As a 27 year old woman living a seemingly ordinary life, there are times when questions come up that I don't really want to answer. Sometimes it's because I just don't know the answer. Sometimes, it's because it's about something I don't really want to talk about. Especially with a stranger.
I was out with a couple friends last night, when we ran into a girl who we "used to" know. By that I mean that she was a "satallite" friend that used to hang out with another one of our friends and come around once in a while. I didn't particularly care for her then and I don't particularly care for her now. She's annoying. Anyway, so she's making small talk with us, catching up if you will, and she turns to me and says, "So how many kids do you have?".
Excuse me?
I don't know whether to be offended by her question or to take it as what it more likely is-just a question. Just something that maybe you ask someone as an ice breaker.

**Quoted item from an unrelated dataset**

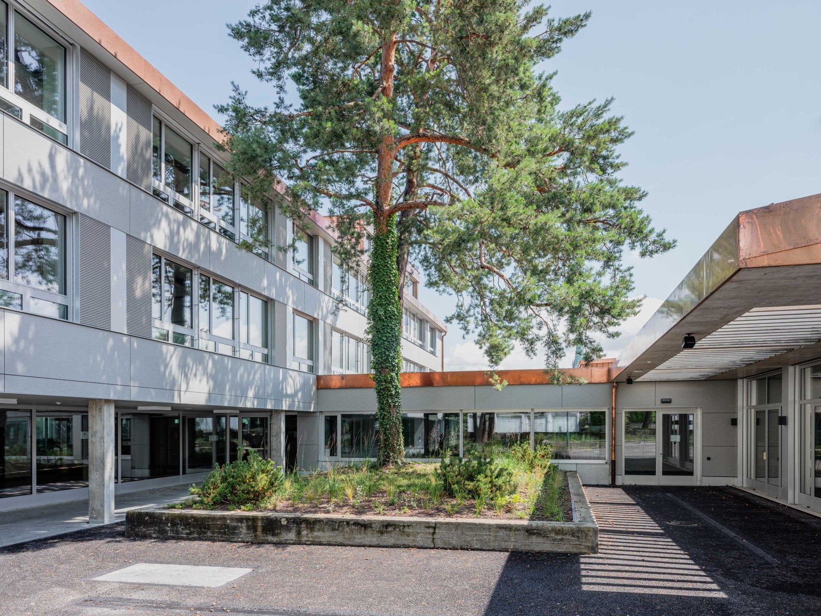 Die Strategie der Eingriffe und Massnahmen für die Gesamtinstandsetzung und Anpassung der Berufsschule Wetzikon an die neuen Nutzerbedürfnisse kann als ein Ausloten des «soviel-wie-nötig» und «sowenig-wie-möglich» beschrieben werden. Die Mutterbauten mit asymmetrischen Satteldächern der Architekten Hertig Hertig Schoch aus zwei Bauetappen von1961 und 1968 weisen eine Klarheit und schlichte Eleganz auf, welche mit späteren Erweiterungen verwässert wurden. Ziel der Instandsetzung war die Neuordnung der Gesamtanlage mit neu gewichteten und geklärten Eingängen, übersichtlicheren Wegführungen im Innern, eine neue Aula sowie einer zeitgemässen Mensa. Zusammen mit der Erneuerung der Gebäudehülle galt es, die Anlage aufzuwerten und wieder als einheitliches Gesamtensemble zu etablieren.

"Oh-none. We don't have any kids yet..."
"Oh good! Haha....you guys are still young, you have plenty of time....you need to enjoy life and live!"
"Oh yeah, definitely..."
What the fuck? So apparently, having kids means that life is over. Life as you know it anyway. I don't know if I can even have kids-but I do know that I want them. Or, I think I want them. Sometimes, I really enjoy life just how it is. And I think about all the stuff I could buy and the trips I could take if I didn't ever have kids. How "glamorous" life could be sans baby. But a second later, the image of another life pops into my head. A fenced in yard with a couple of kids playing in the back. Making cupcakes for school. As boring as that might sound to some people, that might be just the thing that I need to wake me up. Even though that life would be just as ordinary as the one I'm living now, at the same time, it might also mean adventures that I haven't yet taken. Having kids may completely change who I am. I don't think that it will-or that it should, but it definitely could.
Right now, I'm on the fast track to soccer games and school lunches. I'm okay with that for the most part. I have this nagging feeling hanging over my head that says, 'you are getting close to 30-now is the time-you need to have children if you're going to do it' but then I also have this other thought that I can barely take care of myself sometimes and that maybe I should wait. Fuck. What am I waiting for though.
I think that it's just that there's stuff on my mind and I'm constantly second guessing myself in most aspects of my life, so why should this be any different?
Man. Twenty-seven years old...fast approaching 28, and before you know it, 30. Yet, here I sit, struggling with the same issues I have been struggling with for years. Should I bring a child into that? Is that fair? And more importantly, am I bi-polar? Okay-that one was a joke...but seriously. I have to say that I'm starting to worry a little bit.